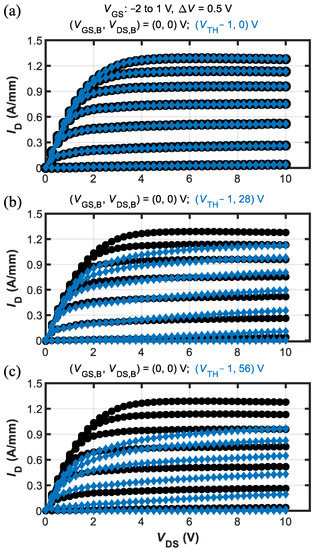 Results of this kind of characterization are shown in Figure 3 in terms of output ID-VDS curves. The output characteristics were acquired from four different baselines, namely: (VGS,B,VDS,B) = (0, 0), (VTH–1, 0), (VTH–1, 28), and (VTH–1, 56) V. Figure 3a shows the comparison between the (0,0) and (VTH–1, 0) baselines, allowing us to assess the gate-lag effect. Interestingly, in these devices no appreciable gate-lag was detected, indicating excellent stability of the device region under the gate. Figure 3b,c show the comparison between the (0,0) baseline and the (VTH–1, 28) and (VTH–1, 56), respectively. Both figures showed moderate increase of knee voltage but significant saturated current compression, especially for ID-VDS curves at high VGS. These results indicate that trapping effects leading to current collapse were most likely happening in the gate-drain access region [2]. As such, the amount of degradation as well as its dependence on the applied VDS were influenced by the gate-to-drain spacing.
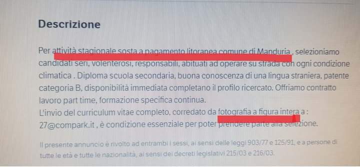 Si legge nell'inserzione dell'azienda appaltatrice del Comune di Manduria per la gestione dei parcheggi nelle marine, che condizione necessaria è l’invio di una foto “a figura intera” del candidato. Ora, a parte la scontata battuta che potrebbe scaturire, chiedendoci se si tratta delle selezioni per ausiliari del traffico o per l'invenzione geniale di quest’anno di Miss S. Pietro in Bevagna, c'è davvero da chiedersi con che criterio si selezionino le aziende collaboratrici da parte di questa Amministrazione da barzelletta.
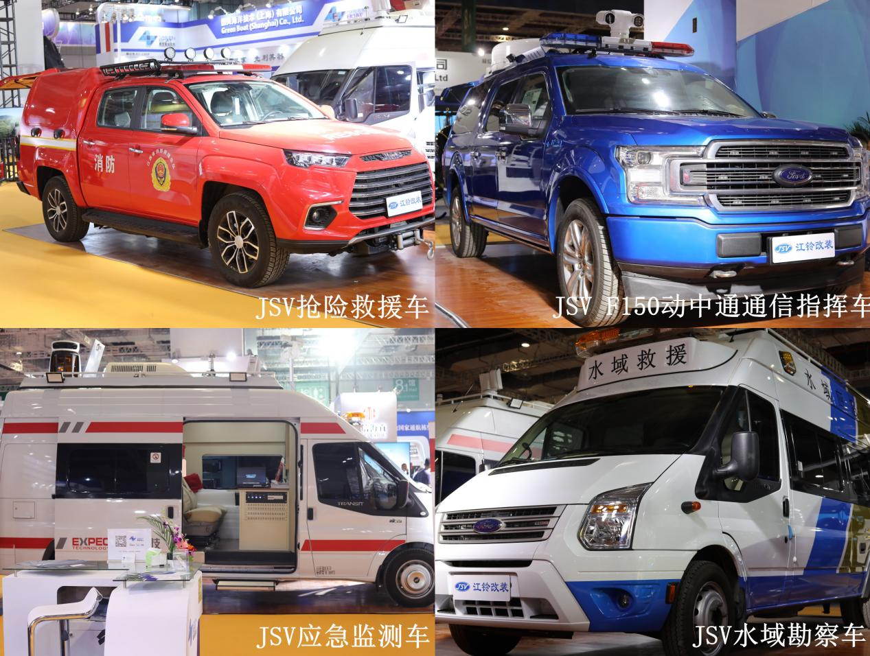 此次展會上,JSV江鈴改裝共展出四款應急保障專用車輛,分別為:JSV搶險救援車、JSV F150動中通通信指揮車、JSV應急監測車、JSV水域勘察車。
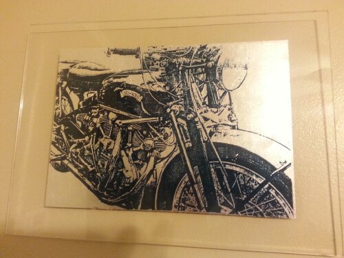 Reverse painted on plexiglass with silver leaf. It is in the shop, just click the art button above if you want to see more.
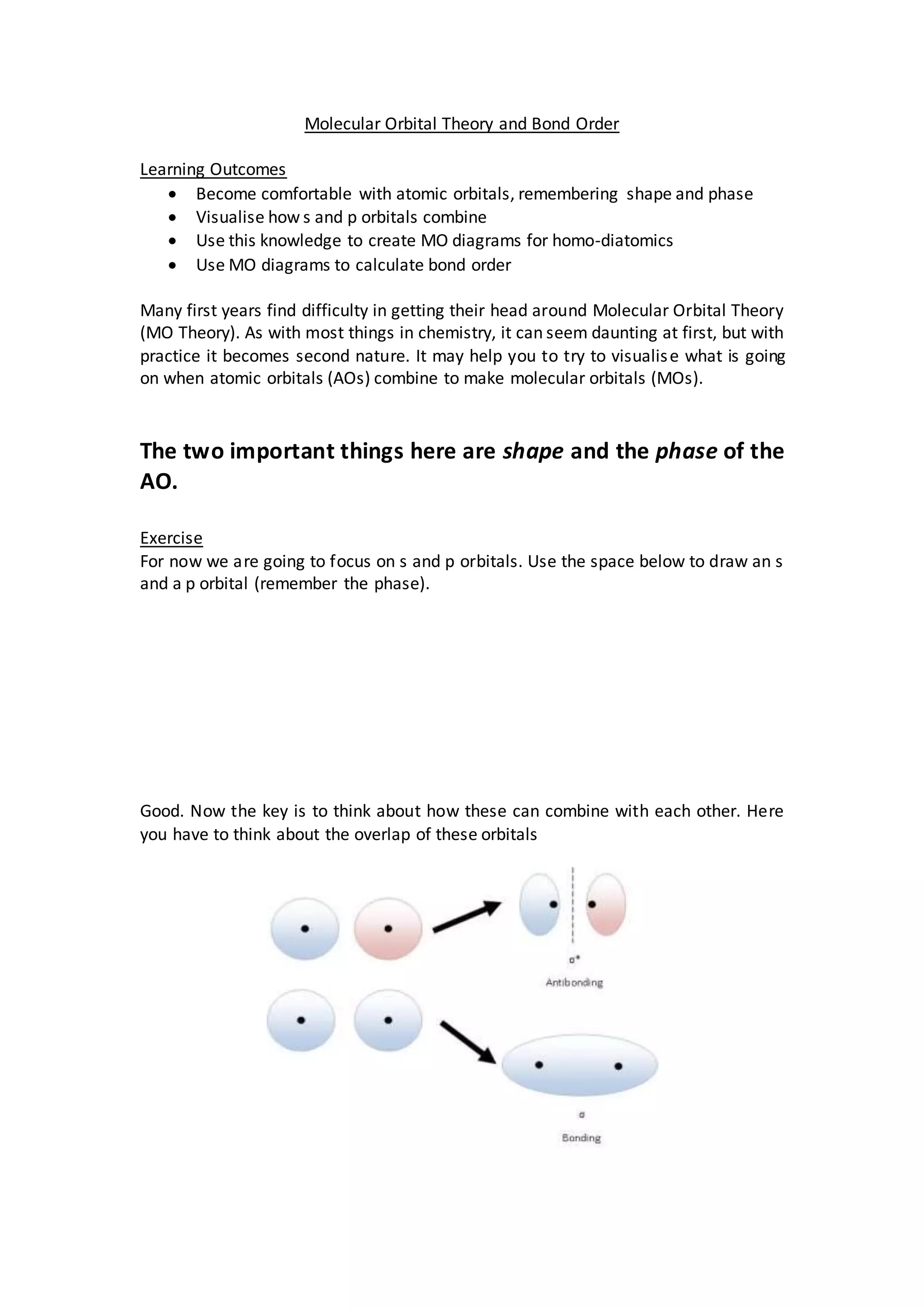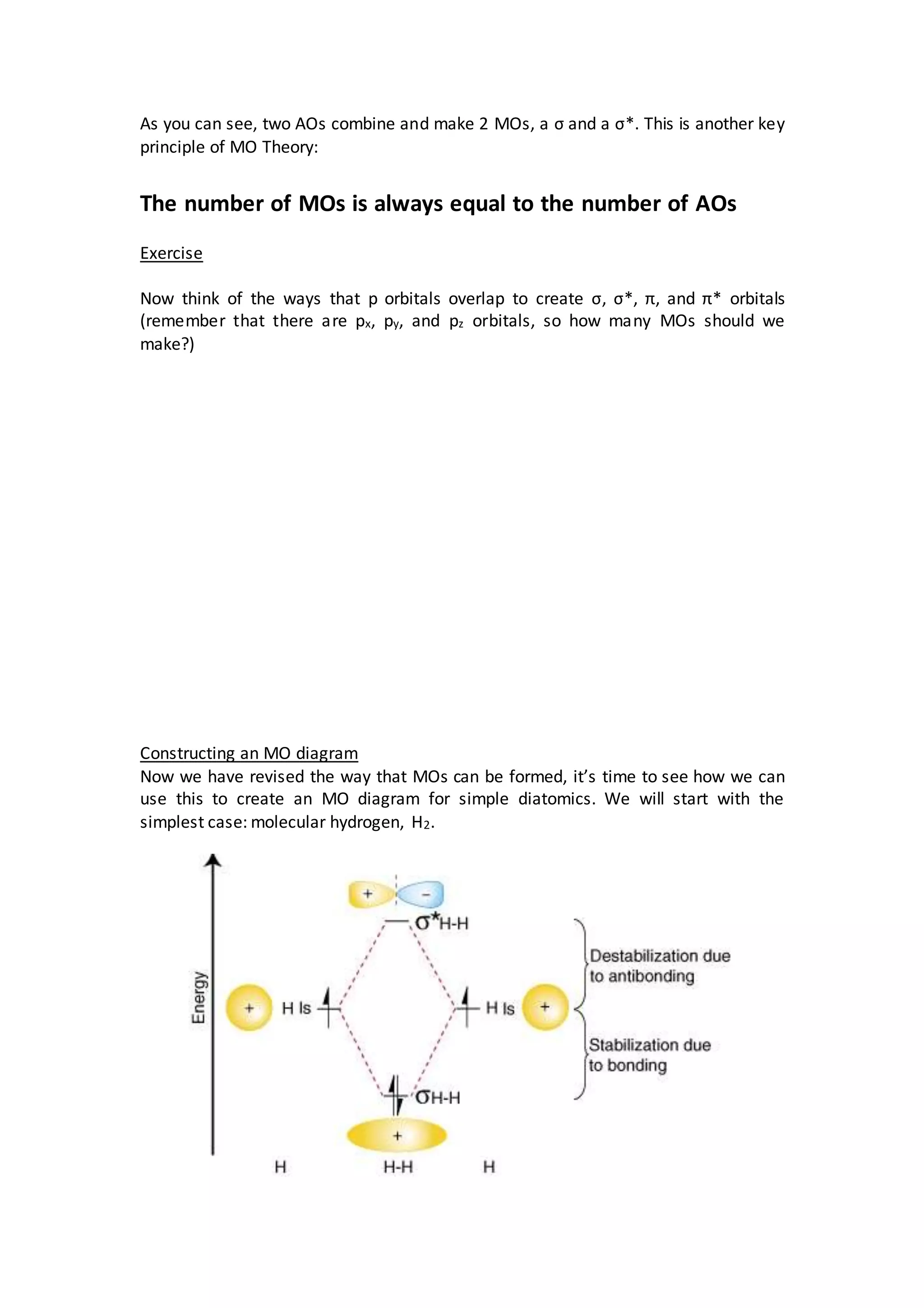 This document discusses molecular orbital theory and how it can be used to calculate bond order in diatomic molecules. It explains that atomic orbitals combine to form molecular orbitals, with the number of molecular orbitals always equal to the number of atomic orbitals. The key types of molecular orbitals - sigma, sigma star, pi, and pi star - are formed from the overlap of s and p orbitals. As an example, it shows the molecular orbital diagram for H2, where the 1s atomic orbitals form a bonding and antibonding sigma molecular orbital. The bond order is calculated to be 1.

++++++++

● **Task brief**
Return the listing above unchanged, apart from dropping its pictures.

● **Solution to this exercise**
 Results of this kind of characterization are shown in Figure 3 in terms of output ID-VDS curves. The output characteristics were acquired from four different baselines, namely: (VGS,B,VDS,B) = (0, 0), (VTH–1, 0), (VTH–1, 28), and (VTH–1, 56) V. Figure 3a shows the comparison between the (0,0) and (VTH–1, 0) baselines, allowing us to assess the gate-lag effect. Interestingly, in these devices no appreciable gate-lag was detected, indicating excellent stability of the device region under the gate. Figure 3b,c show the comparison between the (0,0) baseline and the (VTH–1, 28) and (VTH–1, 56), respectively. Both figures showed moderate increase of knee voltage but significant saturated current compression, especially for ID-VDS curves at high VGS. These results indicate that trapping effects leading to current collapse were most likely happening in the gate-drain access region [2]. As such, the amount of degradation as well as its dependence on the applied VDS were influenced by the gate-to-drain spacing.
 Si legge nell'inserzione dell'azienda appaltatrice del Comune di Manduria per la gestione dei parcheggi nelle marine, che condizione necessaria è l’invio di una foto “a figura intera” del candidato. Ora, a parte la scontata battuta che potrebbe scaturire, chiedendoci se si tratta delle selezioni per ausiliari del traffico o per l'invenzione geniale di quest’anno di Miss S. Pietro in Bevagna, c'è davvero da chiedersi con che criterio si selezionino le aziende collaboratrici da parte di questa Amministrazione da barzelletta.
 此次展會上,JSV江鈴改裝共展出四款應急保障專用車輛,分別為:JSV搶險救援車、JSV F150動中通通信指揮車、JSV應急監測車、JSV水域勘察車。
 Reverse painted on plexiglass with silver leaf. It is in the shop, just click the art button above if you want to see more.
 This document discusses molecular orbital theory and how it can be used to calculate bond order in diatomic molecules. It explains that atomic orbitals combine to form molecular orbitals, with the number of molecular orbitals always equal to the number of atomic orbitals. The key types of molecular orbitals - sigma, sigma star, pi, and pi star - are formed from the overlap of s and p orbitals. As an example, it shows the molecular orbital diagram for H2, where the 1s atomic orbitals form a bonding and antibonding sigma molecular orbital. The bond order is calculated to be 1.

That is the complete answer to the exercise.